After running @Lotusshaney's script, the user was not prompted, the install was successful, and they were removed from admin on first boot
@krispayne Nice! i cant seem to find his script or pull request with code changes.
@memile123 ‘‘Tis but a link in a comment in this thread.
I did a pull request awhile ago but it got cancelled
It’s pull #86
Either in this thread or the other I think that the idea of elevating then demoting wasn't wholly agreed upon since it's possible that the demotion wouldn't work all of the time, that and more strict environments where even the temporary elevation was considered policy violation.

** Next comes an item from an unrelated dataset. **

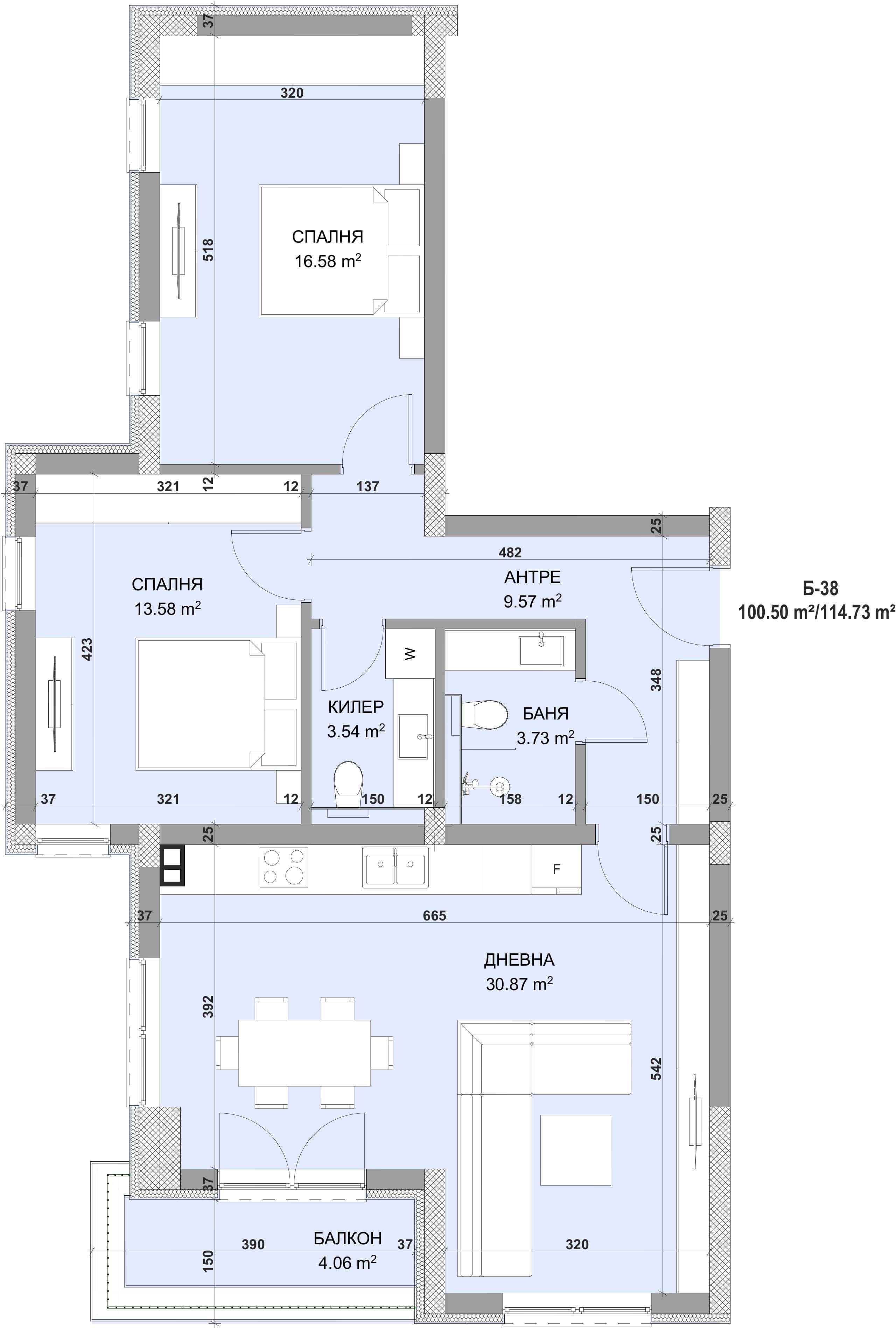 Обща площ 114,73 m2

That being said, it worked flawlessly this morning on a very troublesome machine.
He is a slightly updated version of the script the does the demote without requiring a user to be logged in. Give this a try if you like.

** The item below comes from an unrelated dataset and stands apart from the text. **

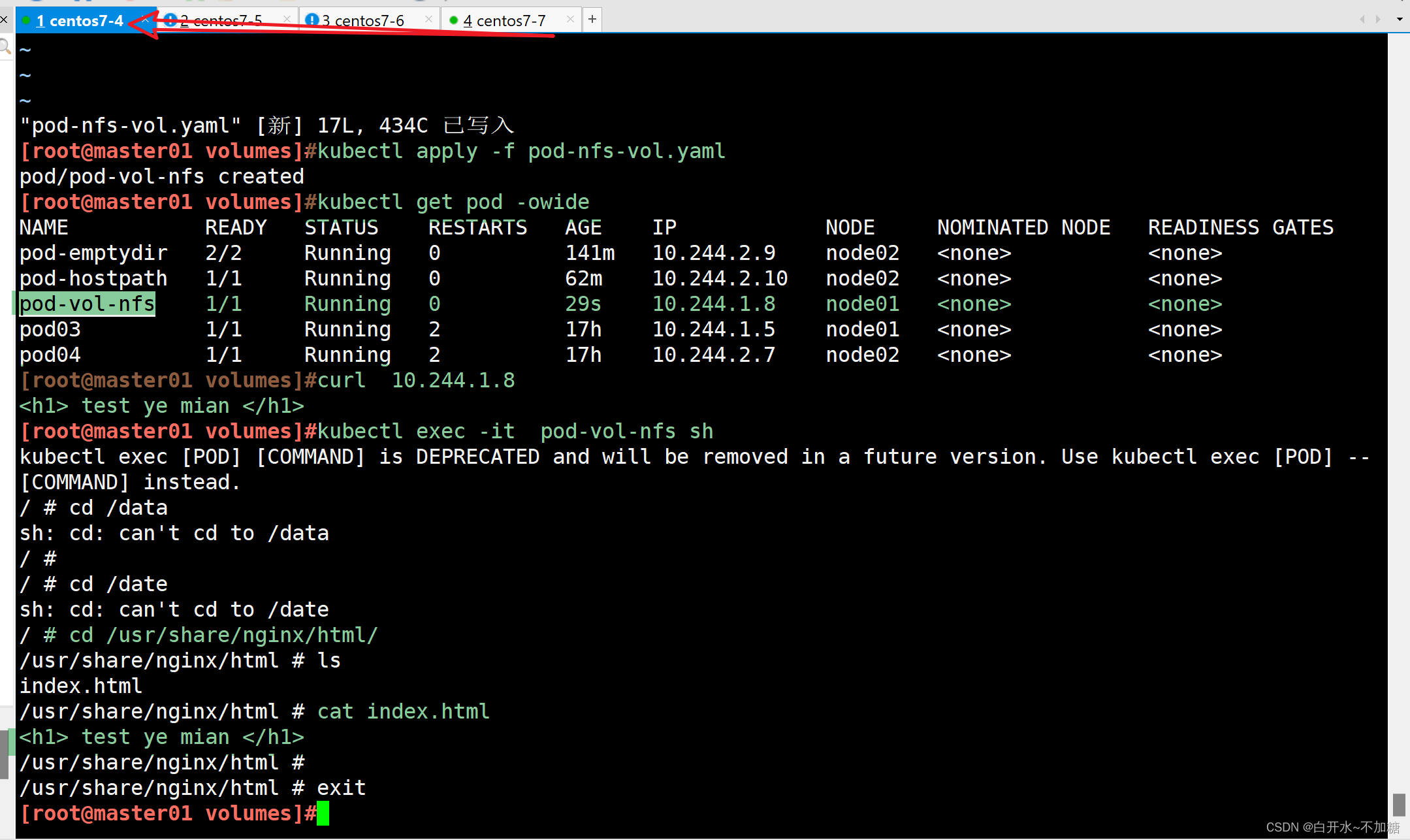 - echo 'node01.zzz.com' > /data/pod/volume1/index.html

https://github.com/Lotusshaney/macOSUpgrade/blob/master/macOSUpgrade.sh
It seems that this problem do not occur when I tried to upgrade to mojave with 10.14.3 installer.
Very interesting. I will test that today. Can anyone else confirm this is not an issue with 14.3?
@hcgtexas Thank you for your response. I think that it can not be confirmed by my environment alone, so it would be nice to have some people try.
Still asking me for admin credentials with the 10.14.3 installer
That's unfortunate. Perhaps my environment was special. I'm sorry.
It is good news for all of you. It seems that this issue has been resolved by merging https://github.com/kc9wwh/macOSUpgrade/pull/97.
Thank you @taniguti!
And we want you to be careful a little bit, we are planning https://github.com/kc9wwh/macOSUpgrade/issues/100.
I tried to upgrade from 10.13.6 to 10.14. Before restarting the script asks for the administrator credentials for the osinstallersetupd process.
Is there something wrong with the Script and 10.14?